United KingdomTuesday, June 17, 2014, 12:00 Hrs  [IST]

The European Medicines Agency's (EMA) Pharmacovigilance and Risk Assessment Committee (PRAC) has started a review to evaluate the cardiovascular risks with systemic ibuprofen medicines (such as those taken by mouth but not topical medicines like creams and gels).

The cardiovascular risks being evaluated concern high-dose ibuprofen (2,400 mg per day) taken regularly for long periods. Ibuprofen is usually taken at lower doses and for short periods of time.

There is therefore no suggestion of a similar cardiovascular risk with ibuprofen as used by the overwhelming majority of patients. Ibuprofen is one of the most widely used medicines for pain and inflammation and has a well-known safety profile, particularly at usual doses.

Ibuprofen belongs to a class of medicines known as non-steroidal anti-inflammatory drugs (NSAIDs). The safety of these medicines including their cardiovascular risks has been under close review by the EMA and national regulatory authorities for many years. Data, in particular the results of a published analysis of clinical trial data, have suggested that the cardiovascular risk with diclofenac and high-dose ibuprofen (2,400 mg) may be similar to the known risk with COX-2 inhibitors (also of the NSAID class). In 2013, the PRAC considered the available data relating to diclofenac and issued recommendations to minimise their risks. The PRAC is now considering the available data relating to high-dose ibuprofen.

The PRAC will also evaluate evidence on the interaction of ibuprofen with low-dose aspirin (taken to reduce the risk of heart attacks and strokes) to decide whether current advice to healthcare professionals is sufficient.

While the review is ongoing, patients should continue to use their medicines as per the instructions in the package leaflets or as directed by their doctor or pharmacist.

Ibuprofen is a painkiller and anti-inflammatory medicine. It works by blocking an enzyme called cyclo-oxygenase, which produces prostaglandins, substances that are involved in inflammation and pain. Ibuprofen is found in medicines used to treat pain, inflammation and fever.

The usual dose for adults and children over 12 years of age is 200 to 400 mg, 3 or 4 times a day as needed.

Ibuprofen is present in medicines as a mixture of two molecules that are enantiomers (mirror images of each other). Dexibuprofen, the active enantiomer, is sometimes available on its own and is therefore included in this review.

Ibuprofen and dexibuprofen are currently available in the European Union (EU) in a number of different formulations. Most formulations are for systemic use, which are covered by the current review. Ibuprofen and dexibuprofen medicines have been authorised in the EU through national approval procedures and have been available for many years under a wide range of trade names. They are available on prescription and over the counter.

The review of ibuprofen was initiated on 9 June 2014 at the request of the UK’s medicines agency (MHRA), under Article 31 of Directive 2001/83/EC. It follows concerns that high doses of ibuprofen could have a similar cardiovascular risk to those of COX-2 inhibitors.
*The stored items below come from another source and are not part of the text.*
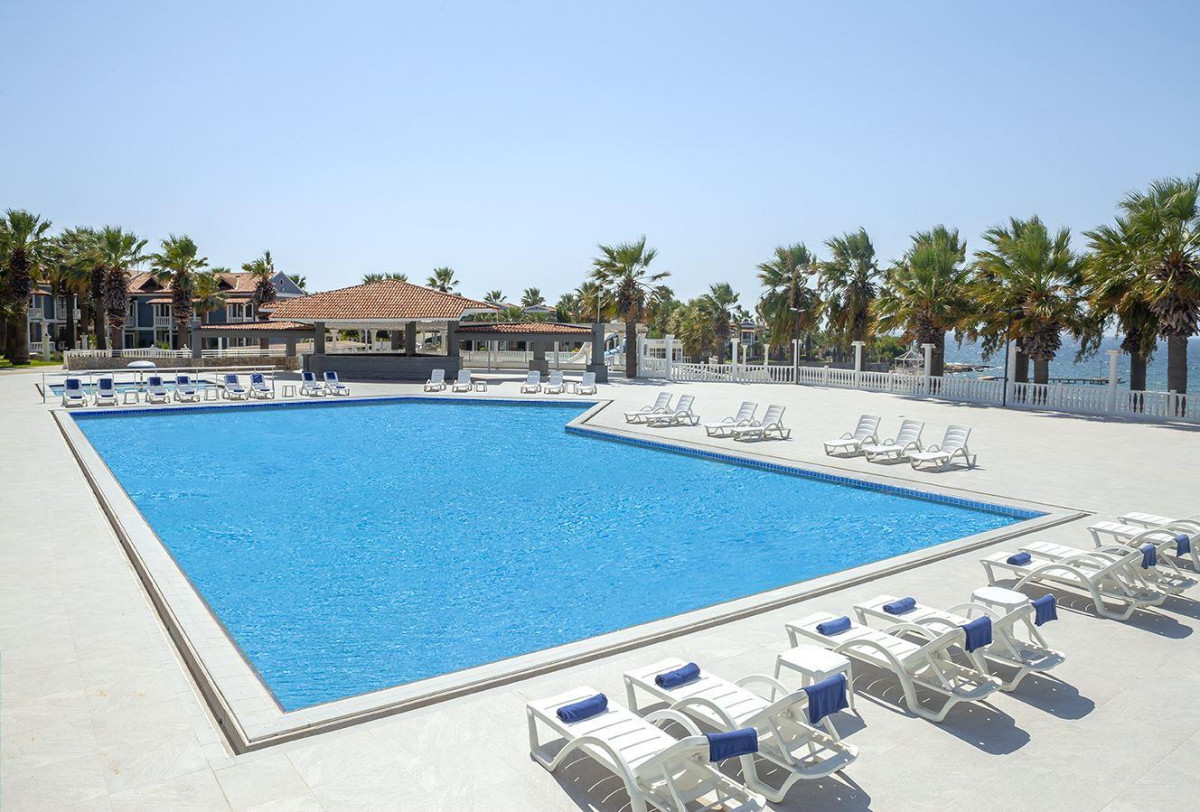 Отдыхали в отеле в июле 2023года. В отеле всё замечательно было, еда вкусная, всего достаточно, кафе со сладостями весь день, на пляже пицца, гезлеме, снэки, фрукты, всё супер, но море это большой минус. МИНУС МОРЯ -это медузы, которые жалили постоянно, не расслабиться, море мелкое до буйков можно дойти и воды будет по грудь, около берега камни, водоросли прибивало к берегу, на территории отеля берег сотрудники старались и убирали, вода теплая. Мы купались в основном в бассейне.
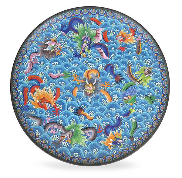 Decorated with vibrant 'doucai' enamels to the interior of the plate and depicting the auspicious nine dragons. A principle imperial five-clawed yellow dragon is surrounded by another eight multi-coloured dragons chasing one another through scrolling waves in tones of blue with white and green sprays. Surrounded by a vivid ruyi-patterned border. The reverse of the charger with incised design and covered in a lovely turquoise enamel
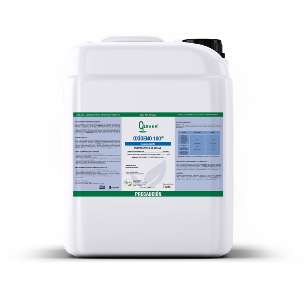 OXÍGENO 100® es eficaz en el control de insectos como el ácaro blanco y hongos exofitos, así como en la oxigenación de raíces y destaponamiento de goteros por materia orgánica.

The review is being carried out by the Pharmacovigilance Risk Assessment Committee (PRAC), the Committee responsible for the evaluation of safety issues for human medicines, which will make a set of recommendations. As ibuprofen medicines are all authorised nationally, the PRAC recommendation will be forwarded to the Co-ordination Group for Mutual Recognition and Decentralised Procedures – Human (CMDh), which will adopt a final position. The CMDh, a body representing EU Member States, is responsible for ensuring harmonised safety standards for medicines authorised via national procedures across the EU.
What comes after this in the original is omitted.